The JSON for a FIM event indicates the type of change that took place. If the event indicates either a change or a deletion, the JSON includes both old
and current
values. For example, the illustration below shows a change in a file's hash between the old
and current
sections, indicating that its contents changed. If the event indicates a file creation, only the current
section appears in the JSON.
Note that when the FIM Windows feature is enabled on a Windows Server Sensor, a new windows agent sensor fim process is spawned on the host machine and can be viewed with other running processes.
Windows Server Sensor Installation Directories Excluded from FIM
Note that the following installation directories for the Windows Server Sensor are automatically excluded from FIM monitoring.

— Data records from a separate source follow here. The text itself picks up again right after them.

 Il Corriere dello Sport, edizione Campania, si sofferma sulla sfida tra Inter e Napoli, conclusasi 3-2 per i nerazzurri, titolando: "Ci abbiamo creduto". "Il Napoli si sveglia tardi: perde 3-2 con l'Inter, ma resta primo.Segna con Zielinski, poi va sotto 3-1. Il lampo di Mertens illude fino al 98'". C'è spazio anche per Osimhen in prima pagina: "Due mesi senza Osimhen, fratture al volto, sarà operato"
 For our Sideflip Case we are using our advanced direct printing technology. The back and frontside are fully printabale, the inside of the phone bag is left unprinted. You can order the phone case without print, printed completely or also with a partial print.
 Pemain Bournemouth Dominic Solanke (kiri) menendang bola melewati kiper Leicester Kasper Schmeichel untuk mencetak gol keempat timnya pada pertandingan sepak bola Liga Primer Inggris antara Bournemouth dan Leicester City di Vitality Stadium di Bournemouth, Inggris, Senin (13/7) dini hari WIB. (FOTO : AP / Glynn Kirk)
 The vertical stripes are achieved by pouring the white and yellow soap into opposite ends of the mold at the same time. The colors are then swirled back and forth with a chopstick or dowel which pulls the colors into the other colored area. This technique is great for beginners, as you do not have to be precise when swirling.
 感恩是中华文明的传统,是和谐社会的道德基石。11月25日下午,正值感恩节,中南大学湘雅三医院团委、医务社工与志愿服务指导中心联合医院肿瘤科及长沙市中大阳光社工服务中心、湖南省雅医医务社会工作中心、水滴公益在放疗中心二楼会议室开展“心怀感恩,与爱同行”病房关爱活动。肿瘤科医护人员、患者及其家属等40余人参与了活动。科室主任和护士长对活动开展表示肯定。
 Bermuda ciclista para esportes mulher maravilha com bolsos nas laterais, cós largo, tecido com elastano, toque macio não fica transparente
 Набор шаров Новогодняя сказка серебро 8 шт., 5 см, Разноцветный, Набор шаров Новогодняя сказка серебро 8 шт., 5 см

The user interface does not prevent you from adding these directories; however, they are still automatically excluded from FIM monitoring:
-
C:\ProgramData\StellarCyber\Windows Agent Sensor\config
-
C:\ProgramData\StellarCyber\Windows Agent Sensor\log
-
C:\ProgramData\StellarCyber\Windows Agent Sensor\run
Memory Usage and Windows Server Sensor Profiles
When applying a sensor profile to a Windows Server Sensor, the system compares the amount of memory required by the profile to the amount of memory available on the target system and reports success or failure in the Sensors list as follows:
-
Systems with ≥ 100 GB Total Memory: Profile is applied successfully if the amount of free memory on the target system minus the memory required by the profile is ≥ 25 GB. If less, the failure is reported in the Sensors list.
-
Systems with < 100 GB Total Memory: Profile is applied successfully if the amount of free memory on the target system minus the memory required by the profile is ≥ 25% of the total memory. If less, the failure is reported in the Sensors list.
If you receive a memory warning in the Sensors list, you can either reduce the memory footprint of the sensor profile (for example, by reducing the size of the Log Size Control options) or provision additional memory for the Windows Server Sensor host.